If you had to pick, the joint production duties of Brian Eno and Daniel Lanois trump the competition, however. Not only have they endured as a routine studio team, working together on around seven major releases and projects stretching back to the mid-1980s, but the twosome stood instrumental in shifting U2 away from the moorings of the post-punk world toward their widescreen vistas of anthemic scope and atmospheric stadium soundtracks that would carry Ireland’s biggest-selling artist across the decades to come.
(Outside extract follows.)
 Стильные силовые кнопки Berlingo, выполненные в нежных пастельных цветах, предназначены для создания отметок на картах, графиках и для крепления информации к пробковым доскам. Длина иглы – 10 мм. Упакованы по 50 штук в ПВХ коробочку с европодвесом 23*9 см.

In addition to Lanois’ sonic finesse and Eno’s leftfield theorising, the pair’s knack for intuitively responding to one of creativity’s little lightning bolts when they’re struck could elevate some of U2’s most beloved numbers. Such magic occurred during the sessions for 2000’s All That You Can’t Leave Behind. Just as the end of the 1980s triggered the Zoo TV makeover for the upcoming decade, the experimentation with electronic dance music and Pop’s further immersions into rock star satire began to crumple under the weight of its own ironic theatre. U2 knew the new millennium demanded another hit of the soft reset button.

During this transitional period came their last bona fide classic. Just as fans began to tire of U2’s PopMart Tour bombast, a surprise hit with 1998’s ‘The Sweetest Thing’ would whet the appetites for their big single comeback two years later, when ‘Beautiful Day’ kickstarted their 21st century and reestablished their mantle as the world’s biggest band in a very different world than the one they started in over 20 years earlier.
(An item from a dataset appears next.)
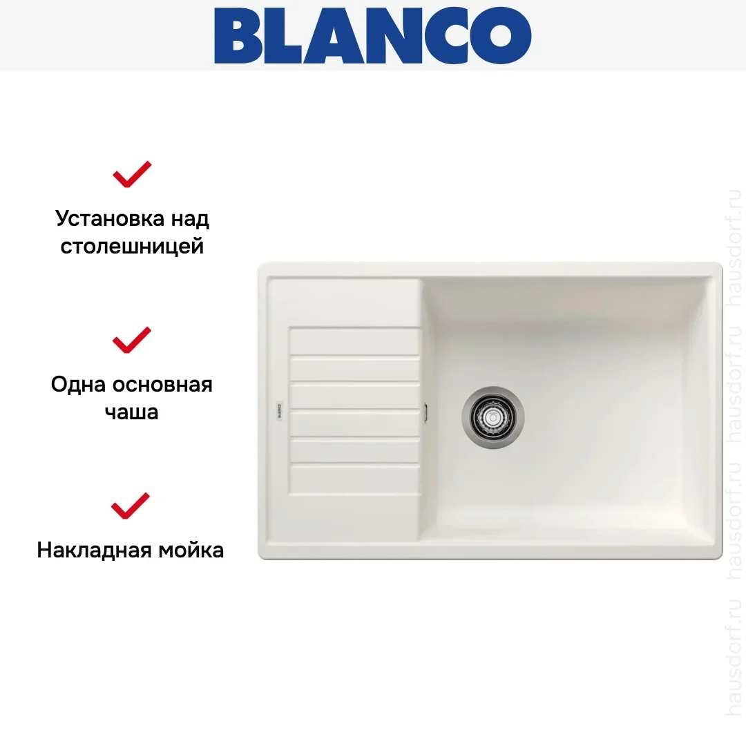 Мойка Blanco Zia XL 6 S Compact Silgranit белый — накладной вариант для тех, кто ценит чистые линии и функциональность в компактном корпусе. Ее прямоугольная форма и аккуратный белый цвет гармонично впишутся в минималистичные и классические кухни. Ширина 78 см и глубина 50 см обеспечивают заметное рабочее пространство, не занимая лишнего места.

They have Eno and Lanois to thank for its eventual completion. ‘Beautiful Day’ was the result of numerous tinkering from a mediocre rock jam to its eventual celestial gospel thumper, finally seeing the light when Eno improvised a drum machine and electronic stringed rhythm sequence, while Lanois gifted the sessions a lick from his Fender Telecaster that expanded its harmonic arrest. It was starting to shape up. One day before leaving the studio, guitarist The Edge tried to think of a backing vocal to complement Bono’s lead, figuring out a high fifth while Lanois sang a doo-woop baritone. It was here that everybody knew ‘Beautiful Day’ possessed single potential.

“That was the final key element that the song needed,” The Edge reflected to Rolling Stone in 2020. “That is typical of our way of working with Brian and Danny. They really become fifth and sixth members of the band for the recording sessions. It’s kind of an organic process that’s really about maintaining and stimulating inspiration in each other. That’s the bottom line, the thing we’re all trying to do.”

‘Beautiful Day’ would score a UK number one and tease the American Top 20, and stand as the last live standard any fan can expect with guaranteed certainty to be performed on stage. Eno and Lanois would join the U2 studio again for 2009’s No Line on the Horizon, arguably the last record where U2 were trying new ideas, despite its initial mixed reception.